YOUR ASSIGNMENT: The full listing, exactly as written and with no images, is the expected output.

AVAILABLE DATA:
== == ==

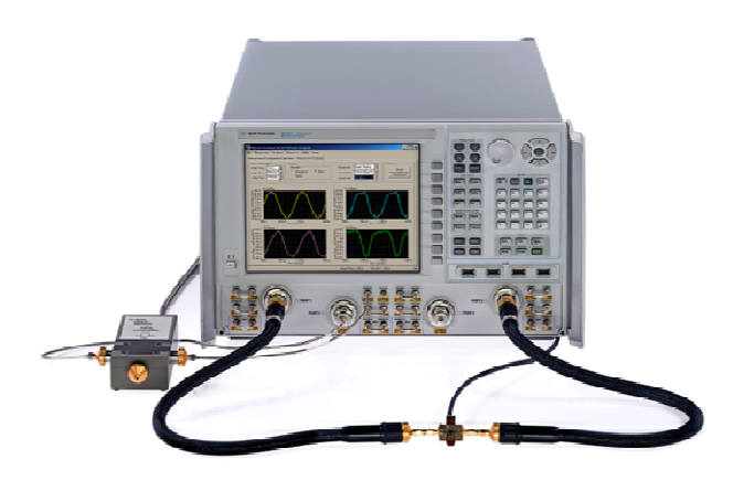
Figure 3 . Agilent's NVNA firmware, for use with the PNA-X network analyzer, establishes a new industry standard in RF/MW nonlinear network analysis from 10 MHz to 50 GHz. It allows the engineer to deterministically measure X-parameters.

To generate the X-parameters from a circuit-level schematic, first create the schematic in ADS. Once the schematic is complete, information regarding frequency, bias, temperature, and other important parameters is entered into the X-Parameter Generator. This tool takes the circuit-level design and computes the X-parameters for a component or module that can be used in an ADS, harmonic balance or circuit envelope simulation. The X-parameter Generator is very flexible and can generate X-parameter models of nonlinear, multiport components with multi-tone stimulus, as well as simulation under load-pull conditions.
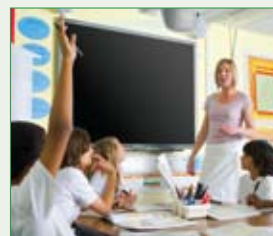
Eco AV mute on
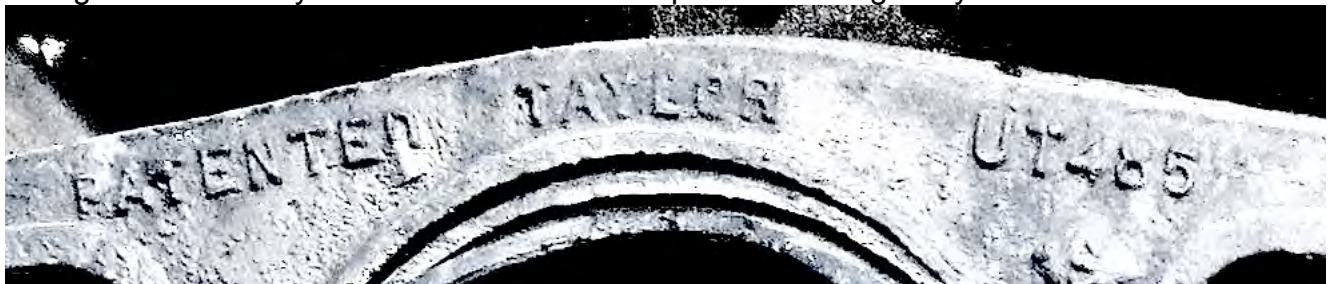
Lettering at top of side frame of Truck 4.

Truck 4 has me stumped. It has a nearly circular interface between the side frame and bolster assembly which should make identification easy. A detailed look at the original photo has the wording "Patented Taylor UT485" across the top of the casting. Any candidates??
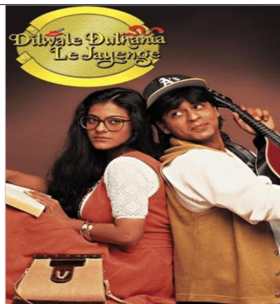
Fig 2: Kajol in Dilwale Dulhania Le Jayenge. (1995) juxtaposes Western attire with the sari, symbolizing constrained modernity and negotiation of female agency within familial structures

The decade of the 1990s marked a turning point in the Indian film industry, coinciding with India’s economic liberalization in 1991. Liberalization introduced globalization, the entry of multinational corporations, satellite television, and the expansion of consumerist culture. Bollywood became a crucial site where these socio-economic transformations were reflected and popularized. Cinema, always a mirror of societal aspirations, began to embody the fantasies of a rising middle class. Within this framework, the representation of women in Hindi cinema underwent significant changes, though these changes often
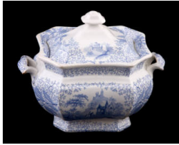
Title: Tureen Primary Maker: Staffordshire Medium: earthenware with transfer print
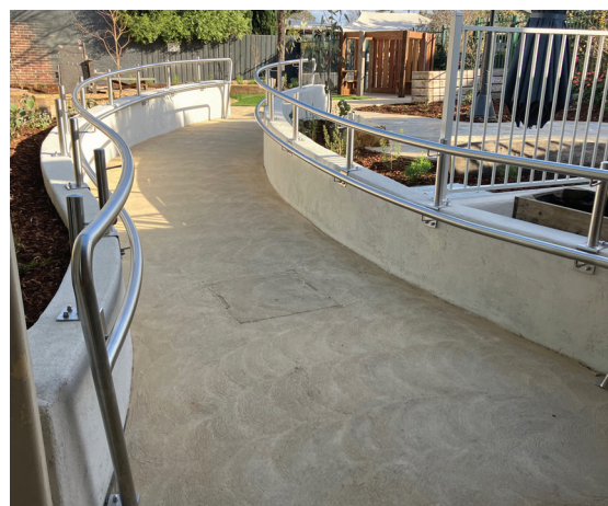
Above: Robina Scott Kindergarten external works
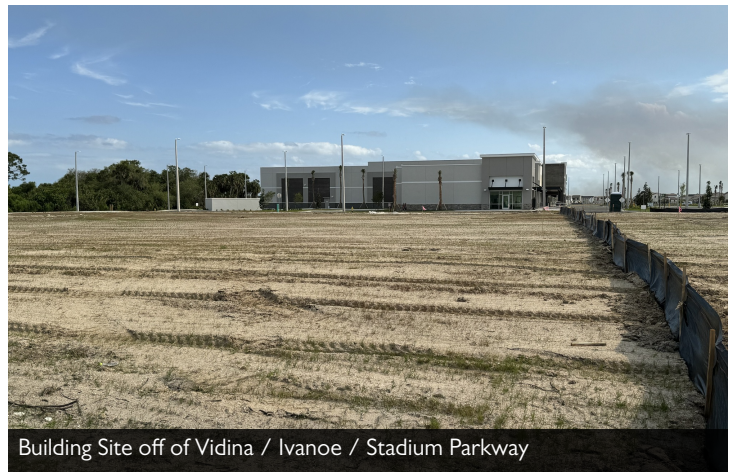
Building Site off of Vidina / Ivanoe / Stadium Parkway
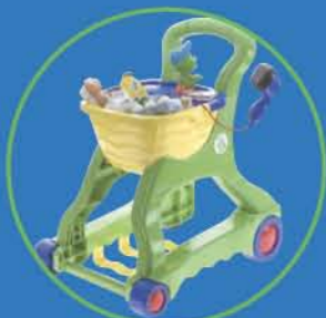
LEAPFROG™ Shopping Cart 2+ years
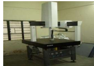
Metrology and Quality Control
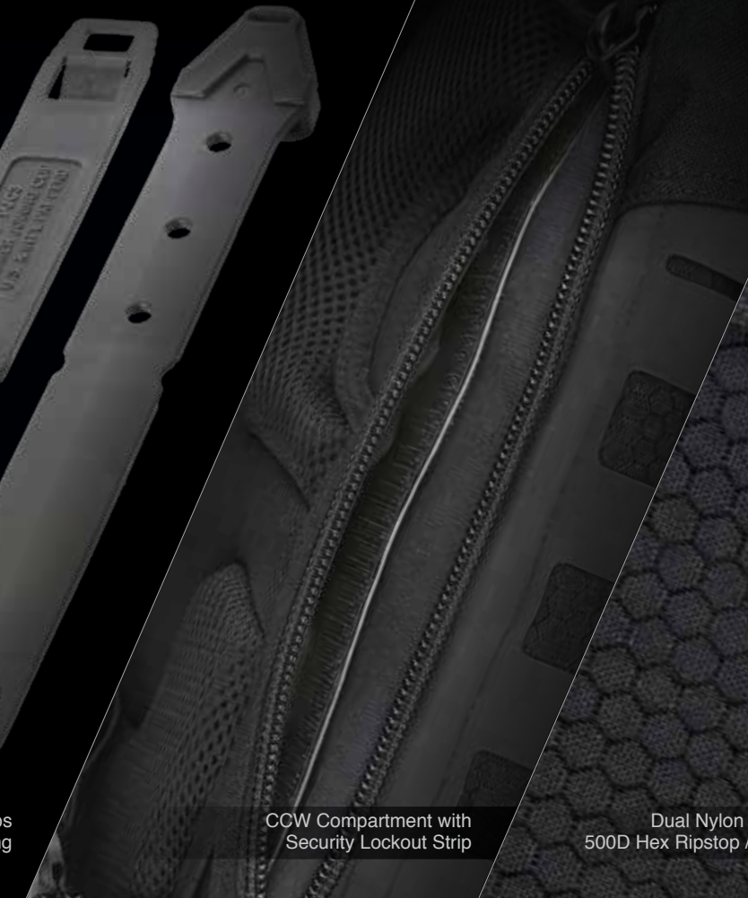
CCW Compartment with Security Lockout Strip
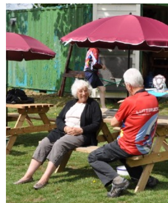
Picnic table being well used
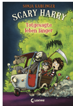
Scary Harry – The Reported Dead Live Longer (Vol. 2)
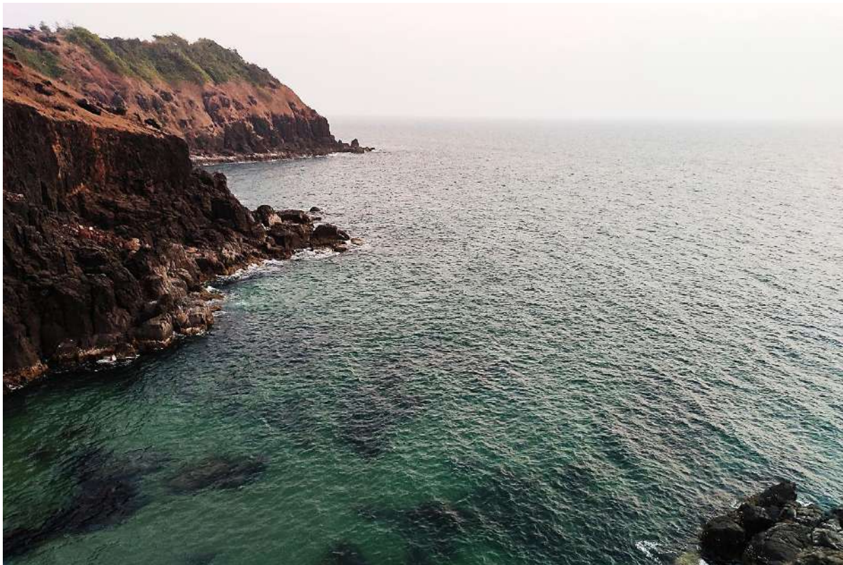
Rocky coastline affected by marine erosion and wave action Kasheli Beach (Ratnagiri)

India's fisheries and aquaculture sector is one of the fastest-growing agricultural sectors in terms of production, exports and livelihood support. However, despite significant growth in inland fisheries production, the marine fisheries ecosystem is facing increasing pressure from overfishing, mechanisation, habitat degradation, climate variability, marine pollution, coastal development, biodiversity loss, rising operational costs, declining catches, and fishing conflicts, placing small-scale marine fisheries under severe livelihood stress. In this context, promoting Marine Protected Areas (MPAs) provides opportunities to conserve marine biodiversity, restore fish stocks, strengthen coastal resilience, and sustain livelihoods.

== == ==

EXERCISE ANSWER:
Figure 3 . Agilent's NVNA firmware, for use with the PNA-X network analyzer, establishes a new industry standard in RF/MW nonlinear network analysis from 10 MHz to 50 GHz. It allows the engineer to deterministically measure X-parameters.

To generate the X-parameters from a circuit-level schematic, first create the schematic in ADS. Once the schematic is complete, information regarding frequency, bias, temperature, and other important parameters is entered into the X-Parameter Generator. This tool takes the circuit-level design and computes the X-parameters for a component or module that can be used in an ADS, harmonic balance or circuit envelope simulation. The X-parameter Generator is very flexible and can generate X-parameter models of nonlinear, multiport components with multi-tone stimulus, as well as simulation under load-pull conditions.
Eco AV mute on
Lettering at top of side frame of Truck 4.

Truck 4 has me stumped. It has a nearly circular interface between the side frame and bolster assembly which should make identification easy. A detailed look at the original photo has the wording "Patented Taylor UT485" across the top of the casting. Any candidates??
Fig 2: Kajol in Dilwale Dulhania Le Jayenge. (1995) juxtaposes Western attire with the sari, symbolizing constrained modernity and negotiation of female agency within familial structures

The decade of the 1990s marked a turning point in the Indian film industry, coinciding with India’s economic liberalization in 1991. Liberalization introduced globalization, the entry of multinational corporations, satellite television, and the expansion of consumerist culture. Bollywood became a crucial site where these socio-economic transformations were reflected and popularized. Cinema, always a mirror of societal aspirations, began to embody the fantasies of a rising middle class. Within this framework, the representation of women in Hindi cinema underwent significant changes, though these changes often
Title: Tureen Primary Maker: Staffordshire Medium: earthenware with transfer print
Above: Robina Scott Kindergarten external works
Building Site off of Vidina / Ivanoe / Stadium Parkway
LEAPFROG™ Shopping Cart 2+ years
Metrology and Quality Control
CCW Compartment with Security Lockout Strip
Picnic table being well used
Scary Harry – The Reported Dead Live Longer (Vol. 2)
Rocky coastline affected by marine erosion and wave action Kasheli Beach (Ratnagiri)

India's fisheries and aquaculture sector is one of the fastest-growing agricultural sectors in terms of production, exports and livelihood support. However, despite significant growth in inland fisheries production, the marine fisheries ecosystem is facing increasing pressure from overfishing, mechanisation, habitat degradation, climate variability, marine pollution, coastal development, biodiversity loss, rising operational costs, declining catches, and fishing conflicts, placing small-scale marine fisheries under severe livelihood stress. In this context, promoting Marine Protected Areas (MPAs) provides opportunities to conserve marine biodiversity, restore fish stocks, strengthen coastal resilience, and sustain livelihoods.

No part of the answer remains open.